Protein complex crystallization, X-ray data collection, structure solution, and model refinement

APPI_{M17G/I18F/F34V} was mixed with catalytically inactive mesotrypsin-S195A in an equimolar ratio at a total protein concentration of 4 mg/mL and then mixed 1:1 (v/v) with reservoir solution. The complex was crystallized at room temperature via the hanging drop method over a reservoir solution containing 0.1 M ammonium sulfate, 0.1 M Tris pH 7.5, and 20% PEG-1000. Crystals were harvested, cryoprotected, and flash cooled in liquid N₂. X-ray diffraction data were collected at 100 K, at beamline 8.2.1 of the Advanced Light Source, Lawrence Berkeley National Laboratory, from one crystal that diffracted to 1.83 Å. Data were merged and scaled with XDS [41]. The crystal belonged to the space group P4₁2₁2, with unit cell dimensions a = 78.15, b = 78.15, c = 243.73 and contained two copies of the complex in the asymmetric unit.

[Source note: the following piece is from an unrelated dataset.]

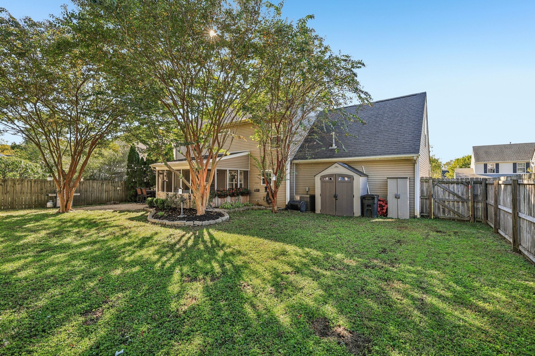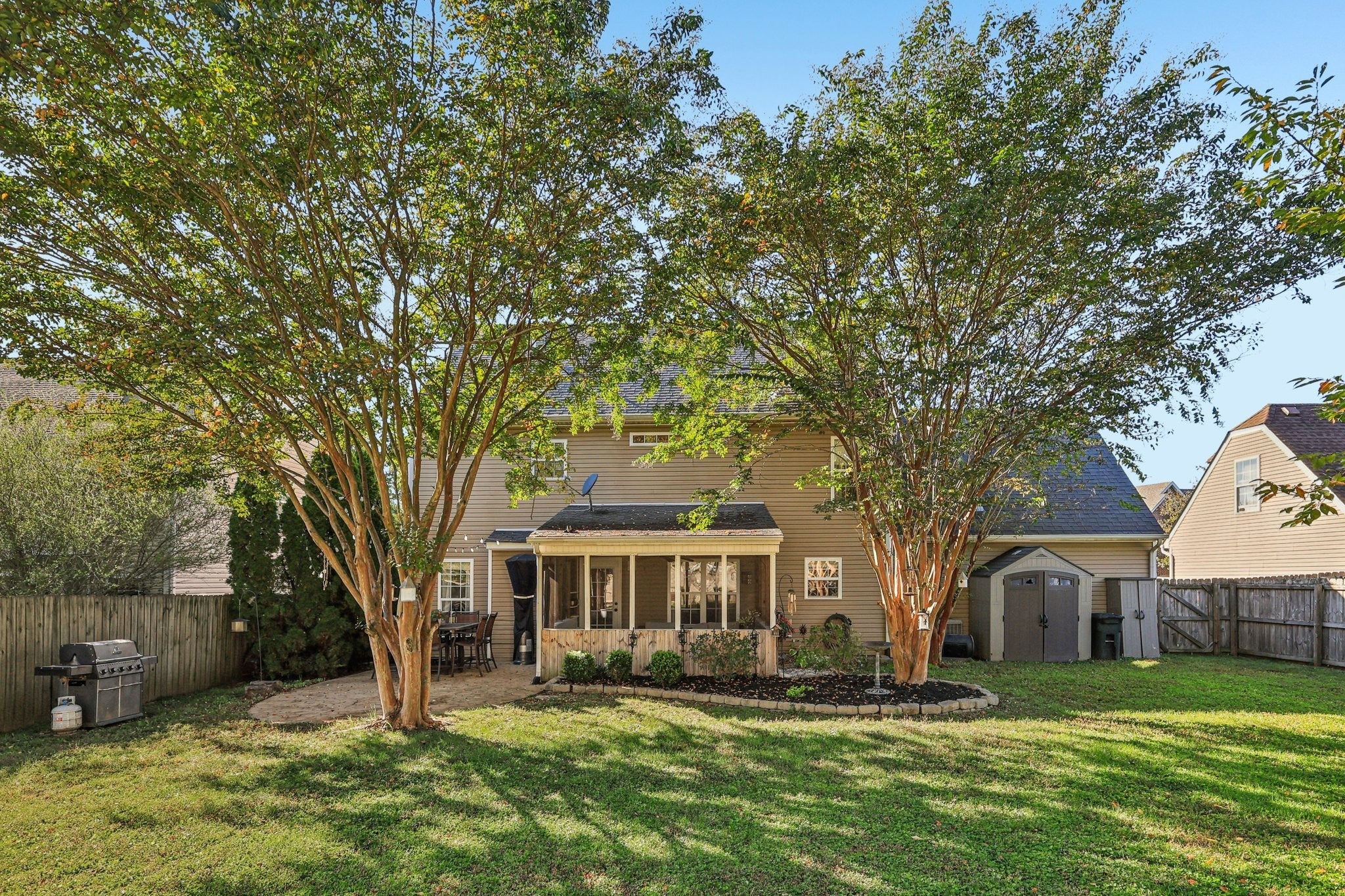 Welcome to this spacious, almost 2,400 sq ft, 4-bedroom, 2.5-bathroom home, perfectly designed for both comfortable family living and impressive outdoor entertaining. Inside, the traditional floor plan offers excellent flow. A formal dining room is ready for special occasions. The great room offers a cozy gas fireplace and connects seamlessly to a casual dining space and the well-appointed kitchen, which boasts granite countertops, stainless steel (SS) appliances, and a tile backsplash. First floor office with French doors is easily adaptable as a bonus room or a potential first-floor bedroom. Upstairs, the expansive primary bedroom is complete with a dedicated sitting room, a walk-in closet, and a private ensuite bathroom. Three more generously sized bedrooms, one currently used as a bonus room, share a well-appointed, updated full bathroom. Convenient second floor laundry. The outdoor space is a true retreat. Step outside from the great room onto a partially enclosed/screened patio. This extends to a concrete patio that overlooks an oversized, level, fenced yard with mature trees for extra privacy. This impressive outdoor area also offers both shaded and sunny spaces and features a built-in fire pit area, making it the ultimate spot for year-round entertaining. This is a must-see home that delivers on space, style, and outdoor living! Schedule a tour to see this home in person today!

The structure was solved by molecular replacement with MOLREP in CCP4 [42], using as the search model the complex of human mesotrypsin with APPI_WT [Protein Data Bank (PDB) 3L33] [32]. Refinement employed alternating manual rebuilding in COOT [43] and automated refinement using REFMAC5 [44]. The quality of the final models was analyzed using wwPDB validation tools [45]. The coordinates and structure factors have been submitted to the Worldwide Protein Data Bank under the accession code 5C67.

RESULTS

Yeast-displayed APPI_WT is rapidly cleaved by human mesotrypsin

The YSD system for directed evolution is based on the expression of a library of mutant proteins on the surface of yeast, followed by the selection of variants with improved affinity. However, this system has not been employed previously for identifying proteolytic cleavage or improving the proteolytic resistance of a displayed inhibitor. To test the compatibility of APPI_WT with the YSD system, we cloned the coding region of APPI_WT into a YSD plasmid for presentation on the Saccharomyces cerevisiae yeast surface as a fusion with the Aga2p agglutinin protein (Fig. S1). Correct folding of APPI_WT was then verified by using flow activated cell sorting (FACS) for the detection of bound fluorescently labeled bovine trypsin, which is an established, tight-binding target of APPI [32]. We found that APPI displayed on the yeast surface was highly expressed and showed significant binding to bovine trypsin, thereby demonstrating proper folding of APPI (Figure 1A).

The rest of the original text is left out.